For those who might not know Pieta (pity in English) is the first Korean film to win the Golden Lion at the Venice International Film Festival. Not only that, but Pieta is also South Korea submission for the 85Th Academy Awards for Best Foreign Language Film category. It won plenty of other Awards to and will continue do so, but falls short of greatness.

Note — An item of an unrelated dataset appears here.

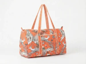 Vibrant and full of wanderlust charm, the Coral Safari Escape Duffle Bag is designed for stylish getaways. Set against a lively coral backdrop, intricate wildlife illustrations—featuring majestic tigers, graceful antelope, exotic birds, and fluttering butterflies—create a beautifully detailed, storybook-inspired print.

Pieta is about a loan shark who is forced to reconsider his violent lifestyle after the arrival of a mysterious woman claiming to be his long-lost mother. The film is a dark drama that will be unpleasant to watch. If you can't handle the sight of a grown man giving his mother flesh from his thigh to eat than this movie is not for you. It is consistently depressing, but the twisted mother-son relationship is compelling material. Though hard to watch times, the relationship carries many meaning and an interesting story of itself. The strained relationship is interesting to analyze and a good subject matter for a movie. Unfortunately the compelling material in the first halve of the film is ruined when the second halve becomes a film about revenge. The second halve is not as interesting because the mother and son do not interact as much. It becomes more depressing to view as we see the loan shark spiraling into depression. Though the impact of earlier events are missing. The ending of the film works in context, except loses meaning due to the second halve slowly declining in quality. Overall though, Pieta is an interesting and dark compelling drama that will in no doubt have you move.
The acting from leading actors Lee Jung-jin and Jo Min-su is what makes the film strong. Lee Jung-jin cold approach to his character is the proper opposite for Jo Min-su whose more sympathetic. It also works well in reverse when the two actors character change throughout the course of the film. The film does include other actors, though mostly limited and effective when on screen. The visuals of the film are visceral with primarily dark color in nearly every shot. The heavy uses of dark blue in the film properly get across the bitterness and harsh reality of the world your viewing.
Pieta is a compelling drama that falls short of greatness in the second halve short. It is Lee Jung-jin and Jo Min-su strong acting abilities that help the film even in the writing weakest of moments. Pieata is a harsh drama that one does not watch for entertainment, but if you give it a chance it will move you in a way few drama can.